Molière et Corneille confondus

LE MONDE | 10.06.03 | 12h30

Corneille a-t-il écrit certaines des pièces les plus célèbres de Molière  ? Un chercheur de Grenoble l'affirme, mais ses conclusions font l'objet d'une vive polémique entre spécialistes.

Ouvrez le Dictionnaire du professeur Froeppel, un personnage de doux dingue inventé par le poète Jean Tardieu : "Ah : marque l'étonnement, exige une explication ou signifie l'incrédulité. Ex : "C'est Corneille, vous savez, qui a écrit les pièces de Molière." Réponse : "Ah ?""
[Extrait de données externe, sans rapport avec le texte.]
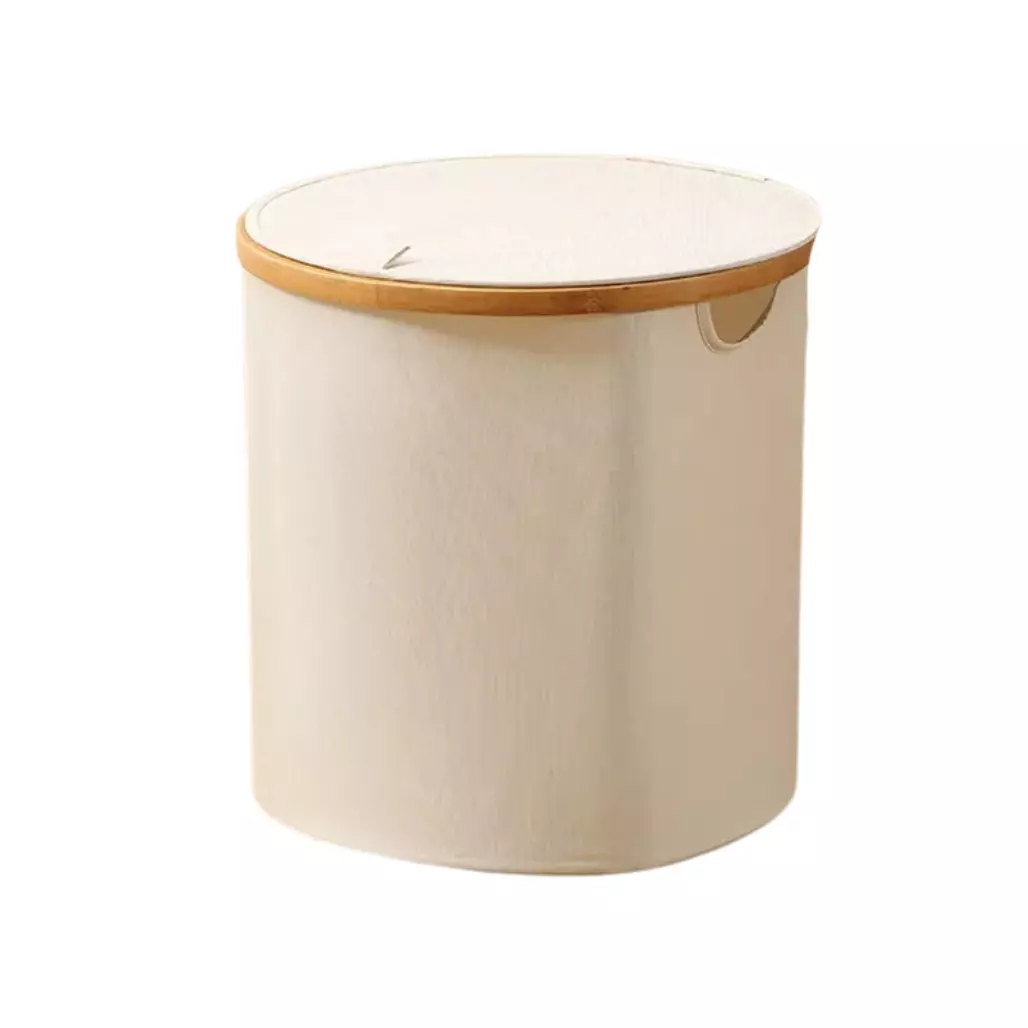 Корзина складная для белья с крышкой и бамбуковыми ручками в белом

Maintenant, prenez le très sérieux Journal of Quantitative Linguistics (JQL) de décembre 2001, une revue internationale de statistiques lexicales. Dominique Labbé, maître de conférences à l'IEP de Grenoble, et son fils Cyril, enseignant-chercheur en mathématiques appliquées, y affirment en anglais : "Nous avons la preuve que Corneille a probablement écrit beaucoup des pièces de Molière."
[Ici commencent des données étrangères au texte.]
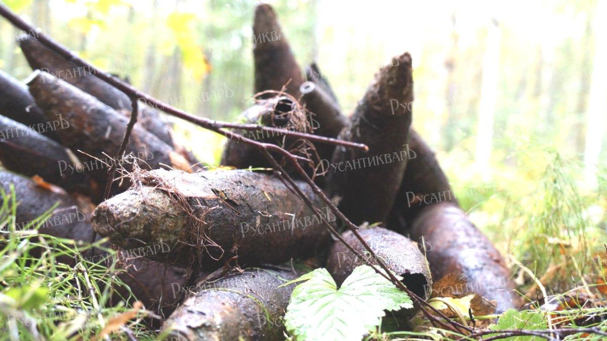 Вот и заветный перекрёсток. Лес вокруг подтоплен бобрами. Поэтому поиски солдат сильно затруднены. Но по итогу делаем вывод - сухим летом сюда доехать можно! Это радует. Поворачиваем на перекрестке «Мерседес» на Погостье. С помощью лебёдки преодолеваем ещё несколько сотен метров. Дорога превратилась в сплошную торфяную реку, слегка заросшую сверху камышами. Приходится оставить машину и идти по дороге пешком. Точнее вдоль дороги, по лесу, так как сама дорога, по сути, это жидкое болото залитое водой и поросшее камышами. И это несмотря на «великую сушь» вокруг. Весной здесь совсем беда. Вот прямо из дороги торчат гильзы от орудий. Выкапываем несколько штук. Флак-88! Это немецкая зенитная пушка калибром 88 мм. Немцы использовали их для борьбы с нашими танками прямой наводкой. Грозное оружие. Сколько оно сгубило наших танков!
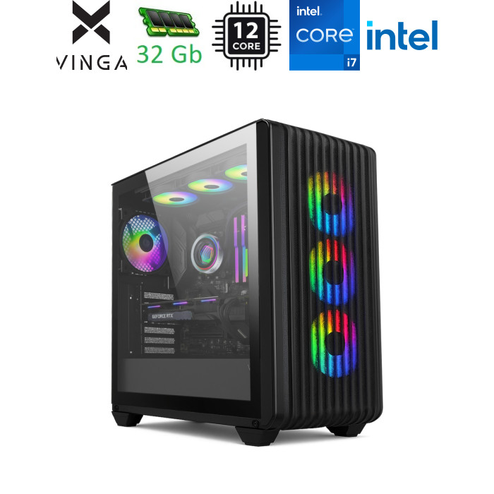| Комп'ютер Vinga Odin D9201 (I7M32G5070TIWP.D9201) розроблено для тих, хто цінує швидкість, високу продуктивність та готовий отримувати максимум від сучасних ігор та програм. Цей потужний ігровий ПК стане незамінним інструментом як для геймерів, так і для професіоналів, які працюють з ресурсоємними завданнями, такими як 3D-моделювання або відеомонтаж. У серці системи стоїть процесор Intel Core i7 серії 12700KF – справжній монстр із 12 ядрами та 20 потоками. Базова частота у 3.6 ГГц забезпечує стабільну та ефективну роботу в будь-яких умовах, а завдяки підтримці Boost режиму, частота може зростати до вражаючих 5.0 ГГц, що гарантує максимальну швидкість обробки складних задач. Цей процесор базується на чіпсеті Intel B760, що забезпечує надійну та стабільну роботу навіть під високими навантаженнями. Однією з визначальних характеристик цього ПК є використання дискретної відеокарти з обсягом графічної пам'яті 16 ГБ. Це робить Vinga Odin D9201 ідеальним вибором для ігор з максимальною графічною довершеністю, а також для професіоналів, що працюють з візуальним контентом. Завдяки передовій технології та великим обсягам пам'яті ви отримуєте не тільки реалістичні візуальні ефекти, але й високу стабільність роботи. Комп'ютер оснащено 32 ГБ оперативної пам'яті типу DDR5, що працює на частоті 6000 Mhz, забезпечуючи високу пропускну здатність та швидкодію системи. Це дозволяє вам працювати з великими файлами та одночасно використовувати кілька програм без будь-яких затримок або зависань. Для зручного зберігання даних у системі встановлено високошвидкісний SSD обсягом 1 ТБ. Це забезпечує миттєве завантаження системи, швидке зчитування та запис даних, а також велику місткість для всіх ваших потреб. Безшумність роботи та ефективне охолодження гарантує рідинне охолодження, яке є частиною системи. Воно забезпечує оптимальну температуру для всіх компонентів навіть при найвищих навантаженнях, що суттєво продовжує термін їх служби. Наявність контролера вбудованого підсвічування не лише прикрашає зовнішній вигляд ПК, але й дозволяє створити унікальну атмосферу під час ігрових сесій. Підключення до мережі та периферійних пристроїв стає ще зручнішим завдяки підтримці Wi-Fi 6 та Bluetooth 5.3, а також наявності численних портів: USB різних стандартів, DisplayPort 2.1b та HDMI 2.1b, які забезпечують широкий вибір можливостей для підключення зовнішніх пристроїв. Комп'ютер постачається з попередньо встановленою операційною системою Windows 11 Pro, що забезпечує інтуїтивний доступ до всіх функцій та найновіших інновацій від Microsoft. Завдяки винятковій підтримці технологій VR та підключенню додаткових акустичних систем через порт для мікрофона та навушників, Vinga Odin D9201 дарує вам свободу створення і відтворення контенту найвищої якості. Естетичні переваги підсилює декілька зон підсвічування на різних панелях корпусу, що надає системі стильного вигляду як у денний час, так і в темряві. Vinga Odin D9201 оснащено блоком живлення потужністю 850 Вт, що забезпечує надійне енергопостачання всіх компонентів, навіть під час екстремальних навантажень, і цьому додатково сприяє нижнє розташування блоку живлення, що сприяє покращенню циркуляції повітря усередині корпусу. Цей комп'ютер стане не просто частиною вашого технічного арсеналу, але й розширить межі ваших можливостей, завдяки поєднанню передових технологій, високої продуктивності т

Ah ? En comparant par informatique les œuvres de Corneille et de Molière, les Labbé père et fils disent avoir découvert une proximité de vocabulaire exceptionnelle entre une comédie du premier, Le Menteur, écrite en 1644, et seize pièces du second, dont L'Ecole des femmes, Le Tartuffe, Dom Juan, Le Misanthrope, Amphitryon, L'Avare, Les Femmes savantes, etc. Or une telle parenté lexicale n'apparaissait dans les précédents tests des Labbé que lorsque les textes qu'il examinait étaient de la même main.

Déplumer Molière de ses "grandes comédies": d'autres y avaient pensé avant. Le mélange de la farce et de la comédie sérieuse dans une même œuvre agace périodiquement certains lecteurs ; de cette apparente incohérence, Boileau se plaignait déjà. L'enjeu idéologique est d'autant plus important que Molière, comédien du roi transformé en icône républicaine par les manuels scolaires, est devenu l'image institutionnelle du génie français depuis le XIXe siècle. A l'époque déjà, les érudits en plein élan philologique et cocardier s'étripaient à propos de la nationalité française ou étrangère de ses (nombreux) modèles. Sans jamais envisager, pourtant, un secret cornélien.

Pour que Corneille entre en scène, il faudra attendre 1919 et Pierre Louÿs. A 49 ans, ce poète proche de Paul Valéry lit avidement Corneille. Louÿs cherche la marque cachée du génie dans ce style si remarquable à ses yeux qu'il "n'a pas besoin d'être signé", affirme-t-il. En lisant Amphytrion, il réalise que "Molière imite Corneille à s'y méprendre". Ce ne peut donc être, en réalité, que du Corneille. D'ailleurs, remarque Pierre Louÿs, Molière n'a laissé aucun autographe qui prouve sa paternité littéraire.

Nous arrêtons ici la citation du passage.